I came across some PECVD machines at OIPT, some of which apparently used a pulsed DC bias, so I'm reasonably familiar with that process.
I have a couple of question regarding heating:
Do you heat treat the piece as a separate process afterwards, or do yopu use the 'beam current' (for want of a better term) to heat the part while nitriding?
How do you monitor the temperature of the part whilst nitriding? Thermocouples? and, if so, what type, and does the nitriding process adversely affect the accuracy of the thermocouples themselves?
Registered Member #396
Joined: Wed Apr 19 2006, 12:55AM
Location: Pittsburgh, PA
Posts: 176
johnf wrote ...
Ash I do this sort of thing for my day job any form of plasma source is sufficient--but heres the catch, the source has to be at around 50 to 100kv more positive than the piece being nitrided. if the ion source is earth potential bound then you will need to bias the subject minus by the above --but this has problems as well as the potential tends to focus on the subject.
Is 50-10kv really necessary for nitriding? What does a higher voltage physically do to the N2?
I haven't seen many specific voltages quoted in my research, but this article quotes 700v and a process time of 10-50 hours. Many other articles suggest that over 2000v the risk of arcing is high.
Registered Member #230
Joined: Tue Feb 21 2006, 08:01PM
Location: Gracefield lower Hutt
Posts: 284
Ash / billybobjoe Implant depth is proportional to acceleration. A surface layer is just that and if hard will require an underlying hard layer to support it. Nitriding gives a gradiated hardness so that the surface layer does not crack when the underlying layer "gives" the cyanide process / ammonia gives very deep nitriding many micron. Ion implantation usually is to around 1 micron with 100kV acceleration. heat treatment depnds on the target matrix but is usually post implantaion and is somewhere between 400 -600 degrees Celsius. diffusion implantation usually is much higher 700 -900 Celsius. post implantation heat treatment also cause the ions to diffuse albeit to a lower extent
the pressure in the chamber where the work pieces are around 10^6 millibar or better. The ion source internally could be three orders of magnitude higher in pressure. the difference being taken up by differential pumping
As for time a 40mA beam is good for around 1sq metre of surface area per hour
Registered Member #3414
Joined: Sun Nov 14 2010, 05:05PM
Location: UK
Posts: 4245
Well, the 5kW, 50kV Xformer described elsewhere on this forum (which, incidentally, John Futter inspired me to design and build after a thread I had a few years ago on 'another forum'), fitted with a doubler should provide ~40mA @ ~100kV should be up to the job.

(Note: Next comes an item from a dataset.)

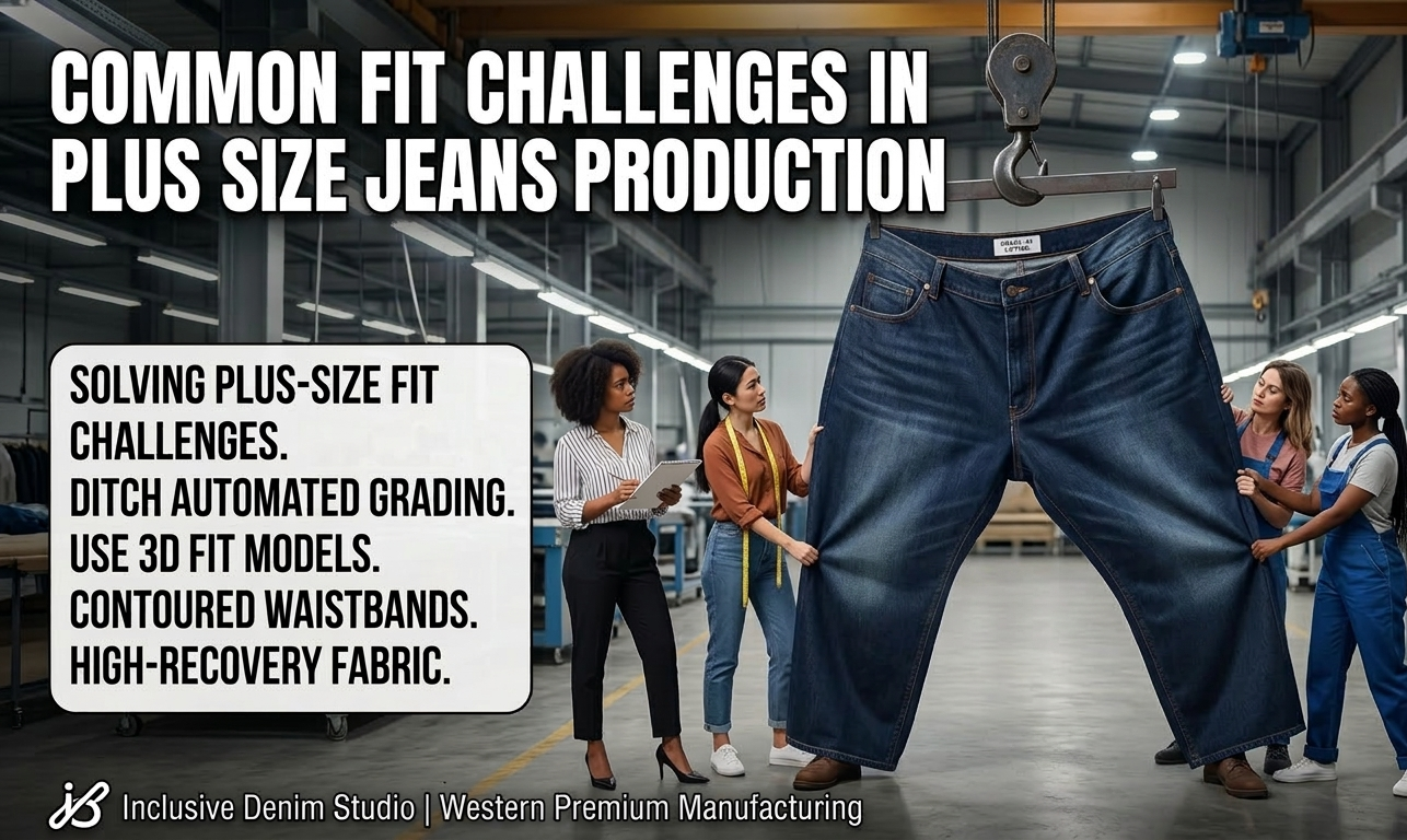 Plus-size customers are fed up with jeans that gap at the waist, sag at the knees, or slide down when they sit. To manufacture a successful premium plus size jean for Western markets, you have to get realistic about where standard grading fails. Here are the most common (and expensive) fit challenges you will face in production.
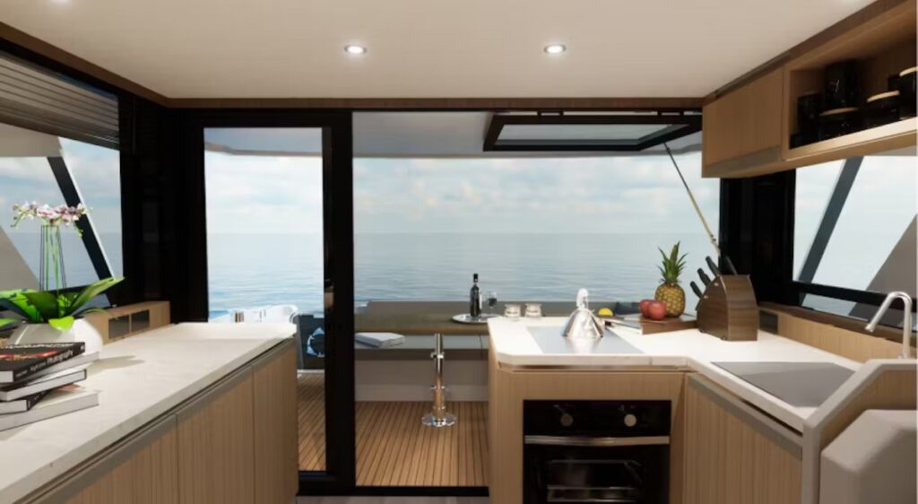 Új közösségi terek jelentek meg a fedélzeten, ezek leginkább szembetűnő eleme a Greenline 58 ihlette orrfedélzeti társalgó. A hátsó kokpit két konfigurációban érhető el, rugalmasságot kínálva olyan funkciókkal, mint a lehajtható fartükör, a leengedhető úszóplatform és az opcionális kivehető bútorok. Casali belülre három stíluscsomagot tervezett, amelyek természetes tónusok és megújuló anyagok köré épülnek, olyan elemekkel, mint a mézszínű teak és a modern tölgyfa felületek. A tulajdonosok több elrendezési lehetőség közül választhatnak (második fürdő, gardrób, fésülködőasztal a tulajdonosi lakosztályban): „A Greenline 42 izgalmas kihívást jelentett számunkra. Célunk az volt, hogy a többi modell sikerére építve még több kényelmet biztosítsunk a fedélzeten, és olyan modern formát alkalmazzunk, amely egyúttal őrzi időtlen vonalainkat is. A leginkább forradalmi változást a szalon teljes üvegfala jelentette, amely intenzív kapcsolatot teremt a kokpit és a szalon között.”

My main concern is pumping ~4-5kW into a workpiece of ~1kg in a vacuum (it's going to get pretty hot), so I'll need to monitor the temperature of the workpiece in order to prevent distortion, and the need for post-nitriding machining.
I suppose the first thing to do is to run some tests with thermocouples, and, maybe some test pieces. (After I finish the Xformer. I'm now thinking of doubling the amount of ferrite used in the design outlined in the thread on it, in order to further reduce capacitance, etc.
Registered Member #396
Joined: Wed Apr 19 2006, 12:55AM
Location: Pittsburgh, PA
Posts: 176
johnf wrote ...
Ash / billybobjoe Ion implantation usually is to around 1 micron with 100kV acceleration. heat treatment depnds on the target matrix but is usually post implantaion and is somewhere between 400 -600 degrees Celsius. diffusion implantation usually is much higher 700 -900 Celsius. post implantation heat treatment also cause the ions to diffuse albeit to a lower extent
the pressure in the chamber where the work pieces are around 10^6 millibar or better. The ion source internally could be three orders of magnitude higher in pressure. the difference being taken up by differential pumping
As for time a 40mA beam is good for around 1sq metre of surface area per hour
Wow, I had severely underestimated the effort required to successfully do this. I imagine obtaining a feedthrough for 100kv at 10^-6 millibar would not be easy/cheap (I am assuming you meant 10^-6 instead of 10^6).
How are industrial setups doing this successfully at 1kv and 1 torr as I've read numerous places? Simply very long process times?
Registered Member #3414
Joined: Sun Nov 14 2010, 05:05PM
Location: UK
Posts: 4245
Billybobjoe wrote ...
Wow, I had severely underestimated the effort required to successfully do this. I imagine obtaining a feedthrough for 100kv at 10^-6 millibar would not be easy/cheap (I am assuming you meant 10^-6 instead of 10^6).
How are industrial setups doing this successfully at 1kv and 1 torr as I've read numerous places? Simply very long process times?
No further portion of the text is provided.